**Material shown:**
========================================================================
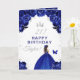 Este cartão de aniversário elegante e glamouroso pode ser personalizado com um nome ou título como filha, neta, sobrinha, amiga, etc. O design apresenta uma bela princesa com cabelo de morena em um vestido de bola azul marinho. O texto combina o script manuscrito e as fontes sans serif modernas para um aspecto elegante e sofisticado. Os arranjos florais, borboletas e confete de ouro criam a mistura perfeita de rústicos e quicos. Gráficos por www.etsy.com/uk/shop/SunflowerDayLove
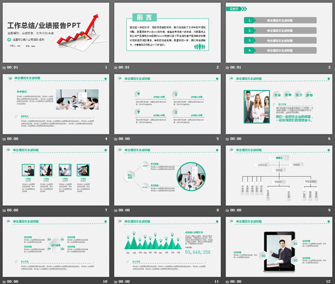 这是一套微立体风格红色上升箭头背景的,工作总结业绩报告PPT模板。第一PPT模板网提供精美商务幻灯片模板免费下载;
========================================================================
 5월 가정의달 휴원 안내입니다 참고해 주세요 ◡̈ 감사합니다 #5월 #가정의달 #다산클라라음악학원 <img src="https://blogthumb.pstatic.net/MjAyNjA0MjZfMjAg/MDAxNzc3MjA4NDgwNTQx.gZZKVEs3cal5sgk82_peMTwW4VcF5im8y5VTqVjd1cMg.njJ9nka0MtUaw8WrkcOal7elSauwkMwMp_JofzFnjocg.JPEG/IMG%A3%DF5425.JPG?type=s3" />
========================================================================
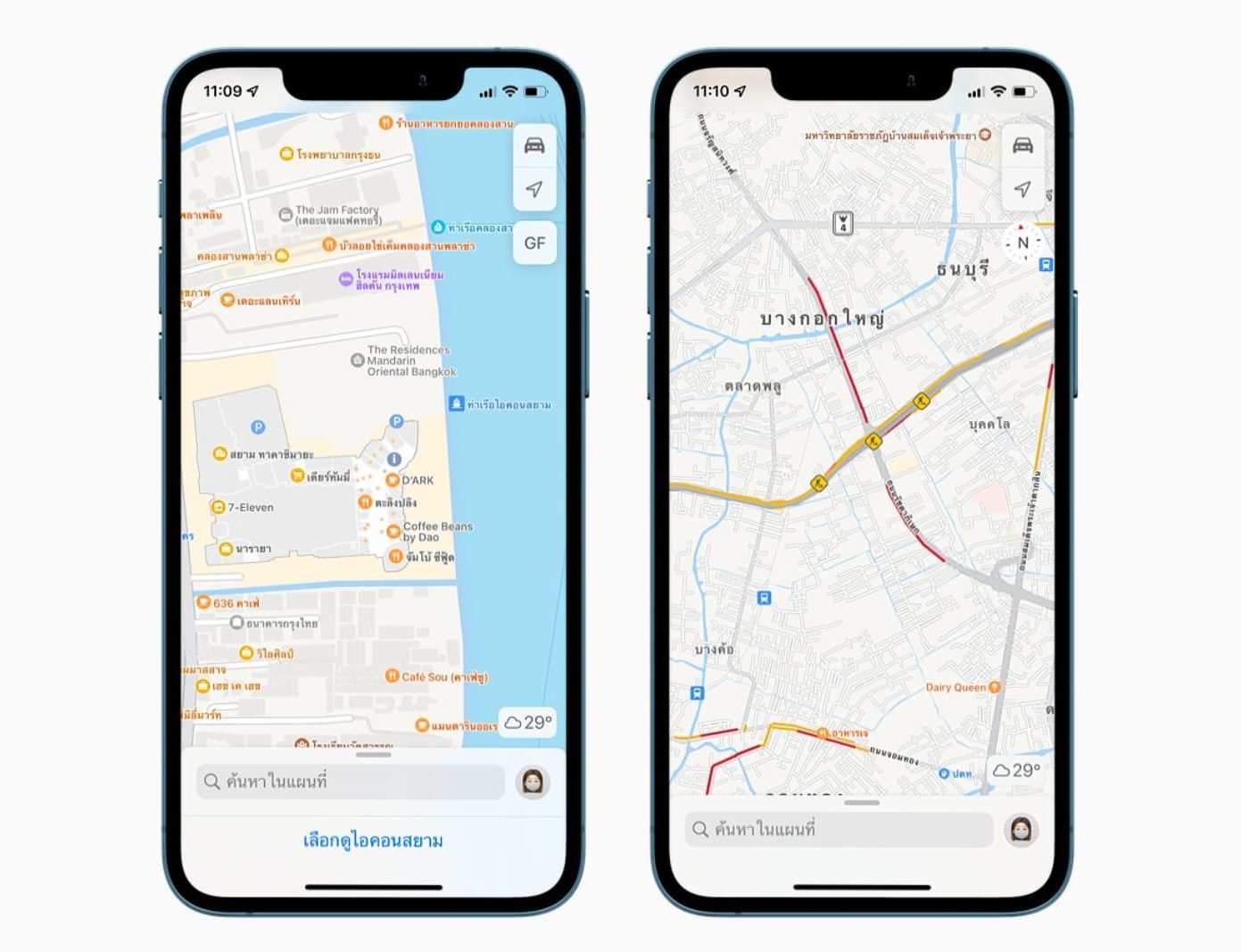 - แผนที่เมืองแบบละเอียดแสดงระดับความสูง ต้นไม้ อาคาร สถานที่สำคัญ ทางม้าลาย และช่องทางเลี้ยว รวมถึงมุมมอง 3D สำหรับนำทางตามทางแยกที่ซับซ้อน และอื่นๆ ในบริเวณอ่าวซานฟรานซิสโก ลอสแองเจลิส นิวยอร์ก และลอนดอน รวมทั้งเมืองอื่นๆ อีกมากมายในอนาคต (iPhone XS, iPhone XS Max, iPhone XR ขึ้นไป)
========================================================================
**Exercise directions:**
Quote the data above exactly from the line with "Este cartão de" to the line with "这是一套微立体风格红色上升箭", both ends counted, and nothing else. Pictures don't go in.

**Written response:**
 Este cartão de aniversário elegante e glamouroso pode ser personalizado com um nome ou título como filha, neta, sobrinha, amiga, etc. O design apresenta uma bela princesa com cabelo de morena em um vestido de bola azul marinho. O texto combina o script manuscrito e as fontes sans serif modernas para um aspecto elegante e sofisticado. Os arranjos florais, borboletas e confete de ouro criam a mistura perfeita de rústicos e quicos. Gráficos por www.etsy.com/uk/shop/SunflowerDayLove
 这是一套微立体风格红色上升箭头背景的,工作总结业绩报告PPT模板。第一PPT模板网提供精美商务幻灯片模板免费下载;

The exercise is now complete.